Distributed Job Performance

When Geneva runs in distributed mode, jobs are deployed against a kubernetes kuberay instance that dynamically provisions a Ray cluster. Jobs execution time depends on suffcient cpu/gpu resources for computation and sufficient write bandwidth to store the output values. Tuning the performance of a job boils down to configuring the table or cluster resources.

Scaling computation resoures

Geneva jobs can split and schedule computational work into smalller batches that are assigned to tasks which are distributed across the cluster. As each task completes, each writes its output into a checkpoint file. If a job is interurupted or run again, Geneva will look to see if a checkpoint for the computation is already present and if not will kick off computations.

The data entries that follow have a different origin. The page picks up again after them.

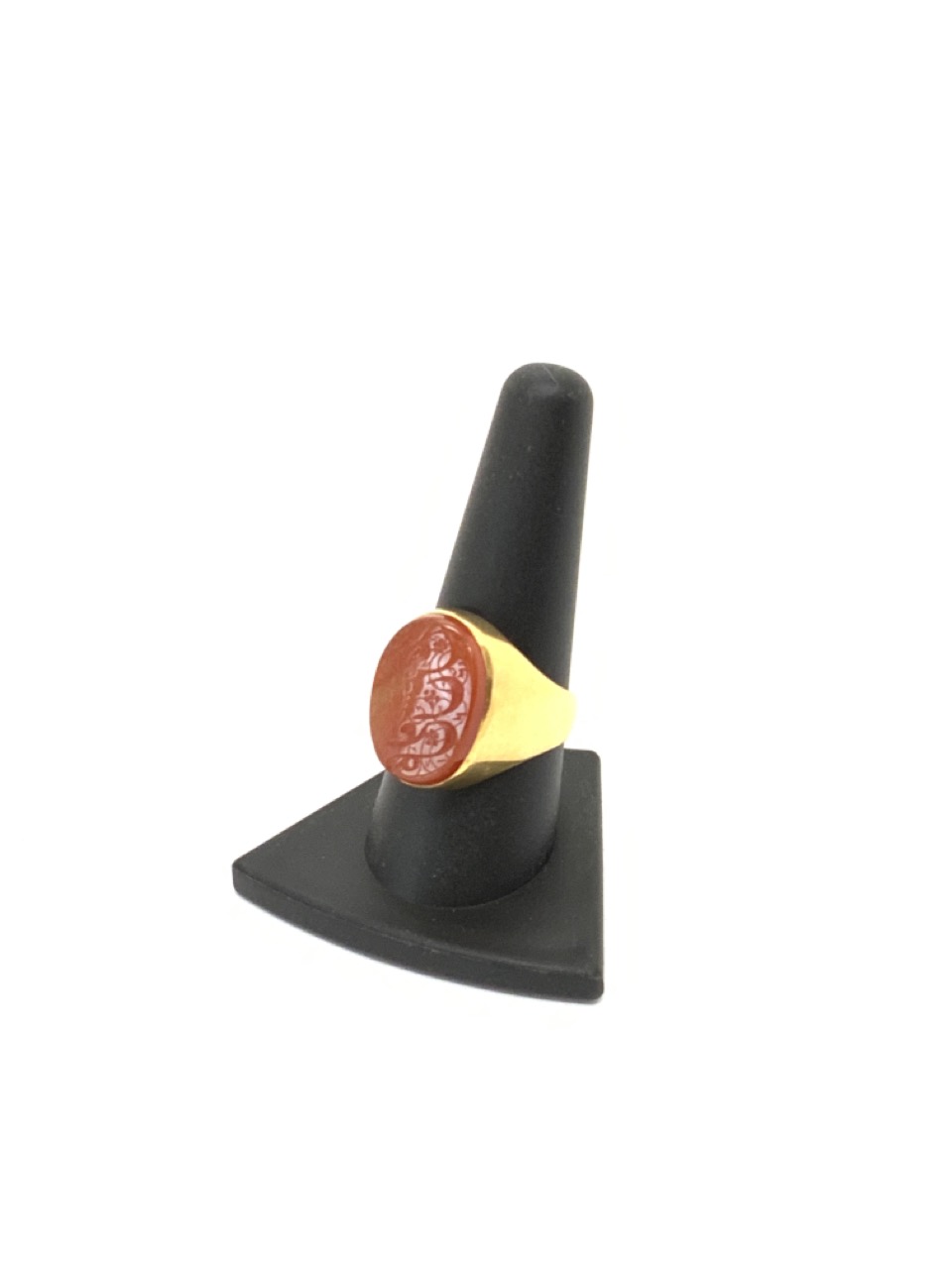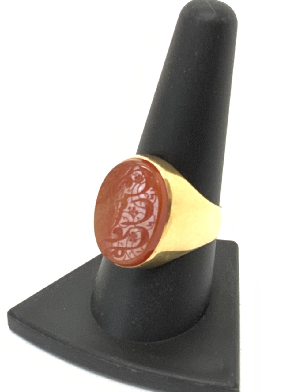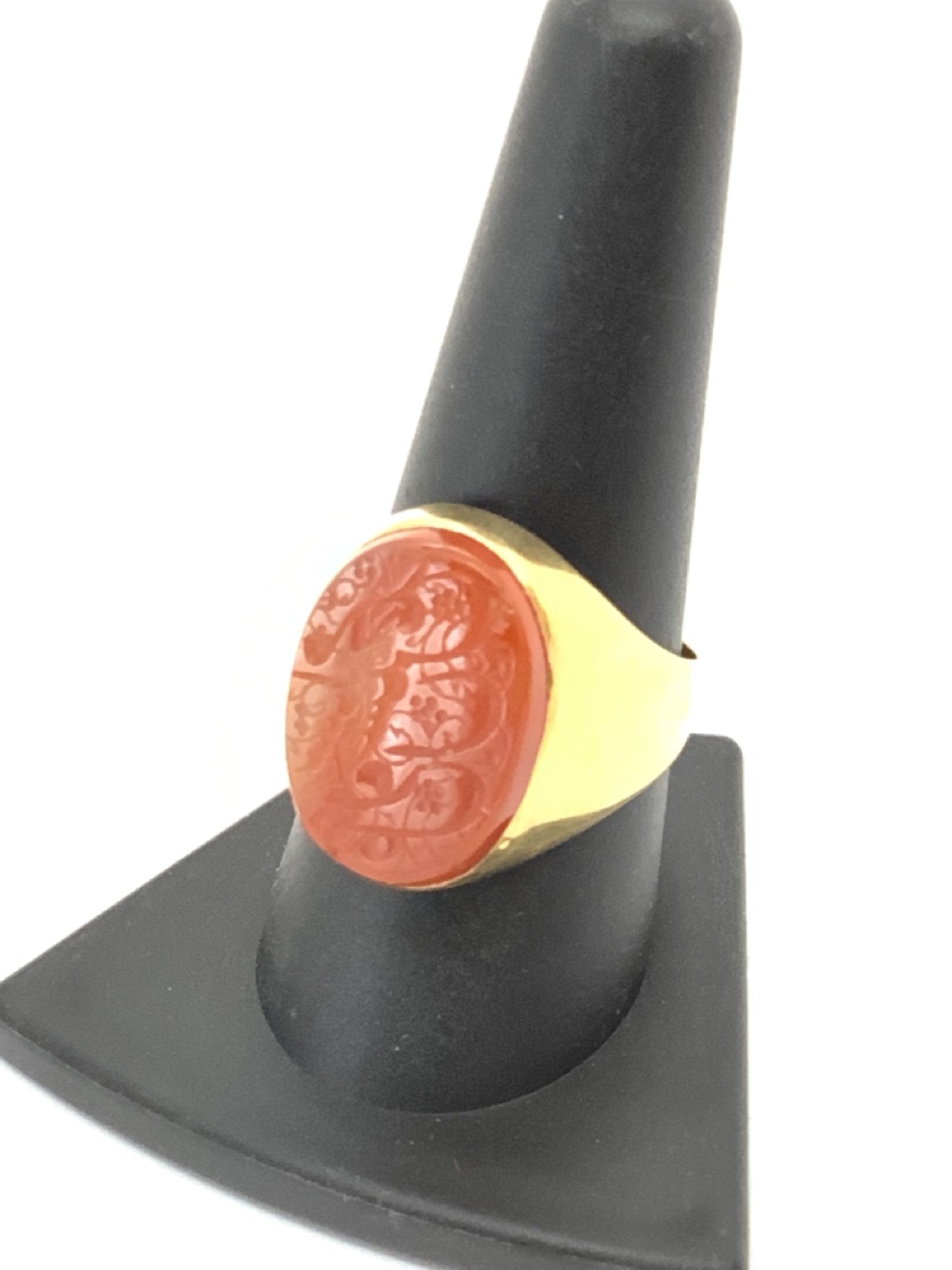 Mens 18k yellow gold sardonyx stone insignia style ring with caligraphy etched pattern. Persian, 20th century.
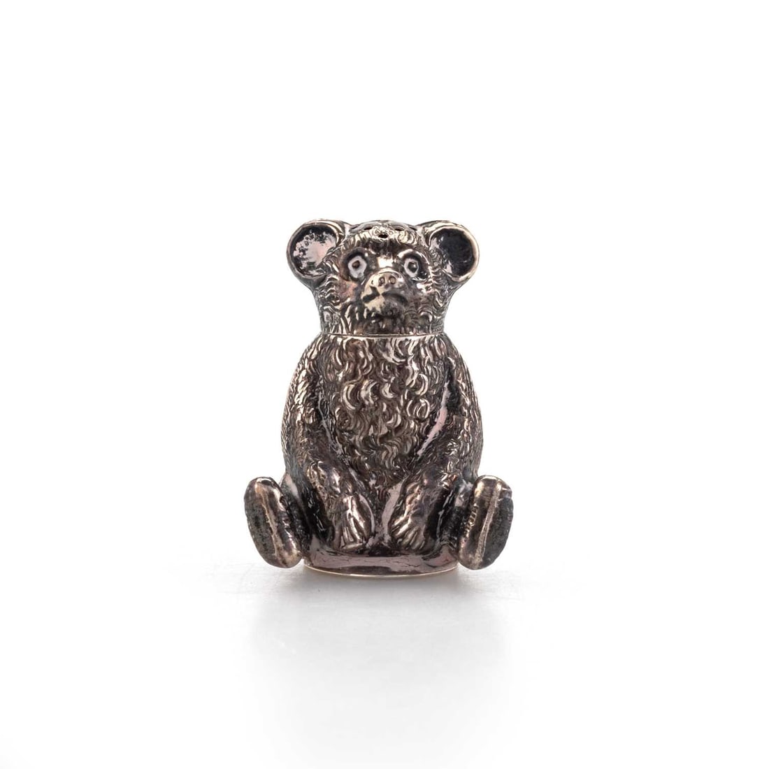 AN EDWARDIAN SILVER NOVELTY PEPPER POT
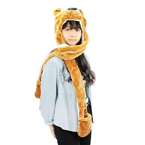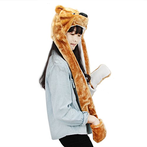 -. Brand : Fakeface -. Department : womens -. Feature : Material: 100% Polyester / Stylish appearance, lovely animals design / Plush Winter Animal Hats. With plush material, it is soft, comfortable to wear / A great accessory to keep you warm during the cold / Perfect for the parties or every day use -. ProductGroup : Apparel -. ProductTypeName : ADULT_COSTUME -. Title : FakeFace Cute Plush Hood Animal Hat with Mitten Gloves Scarf Hood Gloves

Usually computation capacity is the bottleneck for job execution. To complete all of a job’s tasks more quickly, you just need to increase the amount of CPU/GPU resources available.

GKE node pools

GKE + kuberay can autoscale the amount of VM nodes on demand. Limitations on the amount of resources provisioned is configured via nodepools . Node pools can be managed to scale vertically (type of machine) or horizontally (# of nodes)

Properly applying kubernetes labels to the nodepool machines allow you to control resources for different jobs in your cluster.

Options on Table.backfill(..)

The Table.backfill(..) method has several optional arguments to tune performance. To saturate the CPUs in the cluster, the main arguments to change are concurrency which controls the number of task processes and intra_applier_concurrency which controls the number of task threads per task process.

commit_granularity controls how frequently fragments are committed so that partical results can be come visible to table readers.

Setting batch_size smaller introduces finer-grained checkpoints and can help provide more frequent proof of life as a job is being executed. This is useful if the computation on your data is expensive.

Reference:

Balancing write bandwidth

While computation can be broken down to small tasks, new Lance column data for each fragment must be written out in a serialized fashion. Each fragment has a writer that waits for checkpointed results to arrive, sequences them, and then serially write out the new datafile.

Writers can be a bottleneck if a lance dataset has a small number of fragments, espcially if the amount of data being written out is comparatively large. Maximizing parallel write throughput can be achieved by having more fragments than nodes in the cluster.

Symptom: Computation tasks complete but writers seem to hang

Certain jobs that take a small data set and expand it may appear as if the writer has frozen.

An example is table that contains a list of URLs pointing to large media files. This list is relatively small (< 100MB) and can fit into a single fragment. A UDF that downloads will fetch all the data and then attempt to write all of it out through the single writer. This single writer then can be responsible for serially writing out 500+GB of data to a single file!

To mitigate this, you can load your initial table so that there will be multipe fragments. Each fragment with new outputs can be written in parallel with higher write throughput.